А мы точно знали: об этом мечтать можно, а о другом — бесполезно. Вот у нас никогда ничего и не было. Теперь вот, мечтай — не хочу, а толку? Поезд уже ушел, и не светит нам никогда ничего такого, что светит твоим Ольге с Яриком! Да слава Богу, что хоть им светит. Я, с одной стороны, завидую, а с другой — за них радуюсь. Но я и за тебя хочу порадоваться. Хочу, чтобы ты, по свойственной тебе душевной доброте и дурости, свой последний шанс не упустила!
— Гетка, мне страшно тебя слушать. Этот твой последний шанс звучит почти как последний путь.
— А мне плевать как звучит. Главное, чтобы ты до своего последнего пути успела побыть неодинокой. Перестань жалеть, что твой птенчик отправился в самостоятельный полет, и займись собой. Думаешь, я не помню, от скольких шансов ты уже отказалась из-за своего сестринства-материнства. Такие мужики попадались! И, главное, ради тебя были готовы на все.

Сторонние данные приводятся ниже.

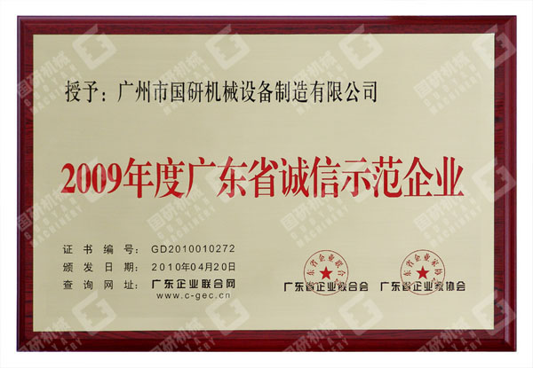 此次被評(píng)為“2009年度廣東省誠(chéng)信示范企業(yè)”,是對(duì)國(guó)研機(jī)械的一次巨大鼓舞和鞭策。國(guó)研機(jī)械將再接再厲,以“誠(chéng)信經(jīng)營(yíng)”作為企業(yè)生存之本,忠實(shí)履行企業(yè)經(jīng)濟(jì)責(zé)任與社會(huì)責(zé)任,做用戶最信賴的企業(yè),為社會(huì)提供最優(yōu)質(zhì)的產(chǎn)品與服務(wù)。
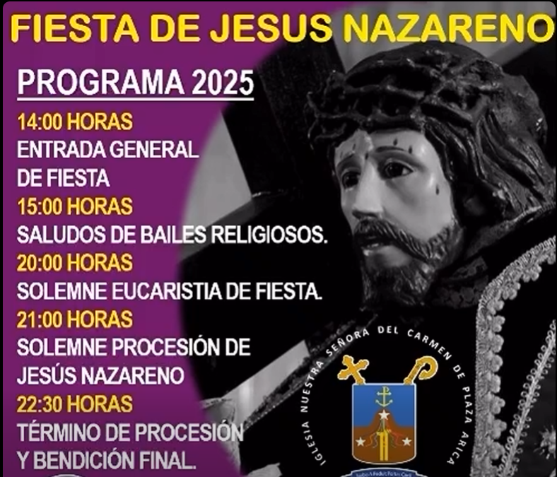 Según informó la capilla de Nuestra Señora del Carmen de Plaza Arica este sábado se realizarán diferentes actividades donde participará toda la comunidad devota de Jesús Nazareno las que se llevarán a cabo a partir de las 14:00 horas, momento en el cual se efectuará la entrada general de la fiesta.

— Не преувеличивай. Например, Александр не был готов на все.
— А что тебе еще надо было? — Даже сейчас, по прошествии стольких лет, Гета убеждена, что я повела себя непростительно, лишившись счастья и солидного достатка. — Мужик видный, жениться тебе предлагал, через полгода бы за границу увез. Долгосрочная командировка ему предстояла в капстрану! По тем временам — фантастика. И сейчас бы с ним не пропала, еще богаче бы жили. Он, между прочим, теперь крупный бизнесмен. Каталась бы как сыр в масле.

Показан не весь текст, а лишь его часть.